Since the data is simply a sequence of bytes, any Unicode format can be stored. However, it is best to use an encoding such as UTF-8 or GBK that extends 7-bit ASCII, i.e. a single byte in the range 00
–7f
means the same thing in ASCII. kdb+ will load a script with such encoding, but it will not load other formats. Note that if using these encodings, avoid having a byte-order-mark prefix on the data.
The q language itself uses only 7-bit ASCII. For example, the statement 2+3
should be given as the three decimal bytes 50 43 51, as in:
q)`char$50 43 51
"2+3"
q)value `char$50 43 51
5
Fixed-width Unicode formats cannot be used, since for example, in UTF-16, 2+3
would be the six decimal bytes 50 0 43 0 51 0, and q does not recognize this:
q)value `char$50 0 43 0 51 0
'char
The display console should have the matching code page set or you will not be able to view the data correctly. e.g. if you store in UTF-8 format, ensure that your code page for the display is also UTF-8.

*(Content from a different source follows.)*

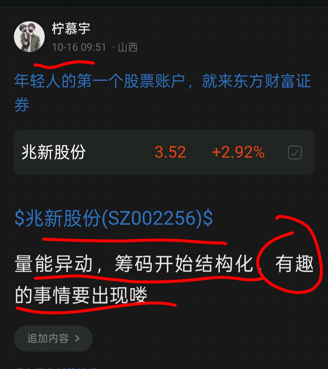 郑重声明:用户在财富号/股吧/博客等社区发表的所有信息(包括但不限于文字、视频、音频、数据及图表)仅代表个人观点,与本网站立场无关,不对您构成任何投资建议,据此操作风险自担。请勿相信代客理财、免费荐股和炒股培训等宣传内容,远离非法证券活动。请勿添加发言用户的手机号码、公众号、微博、微信及QQ等信息,谨防上当受骗!

Table and column names should be plain ASCII.
For example, the following has Chinese characters in symbol and character columns:
sym:`apples`bananas`oranges
name:(`$"蘋果";`$"香蕉";`$"橙")
text:("每日一蘋果, 醫生遠離我";"香蕉船是一道可口的甜品";"從佛羅里達州來的鮮橙很甜美")
t:([]sym;name;text)
You can work with this table as usual, but note that the q console displays the text entries as their octal character numbers:
q)select sym,name from t
sym name
--------------
apples 蘋果
bananas 香蕉
oranges 橙
q)select from t where name=`$"香蕉"
sym name text ..
---------------------------------------------------------..
bananas 香蕉 "\351\246\231\350\225\211\350\210\271\346\..
Display with -1
to show formatted text:
q)-1 text 0;
每日一蘋果, 醫生遠離我
Example assignments using the C interface:
int main(){
int c=khp("localhost",5001);
k(c,"set",ks("a"),kp("香蕉"),(K)0);
k(c,"set",ks("b"),kp("\351\246\231\350\225\211"),(K)0);
close(c);
}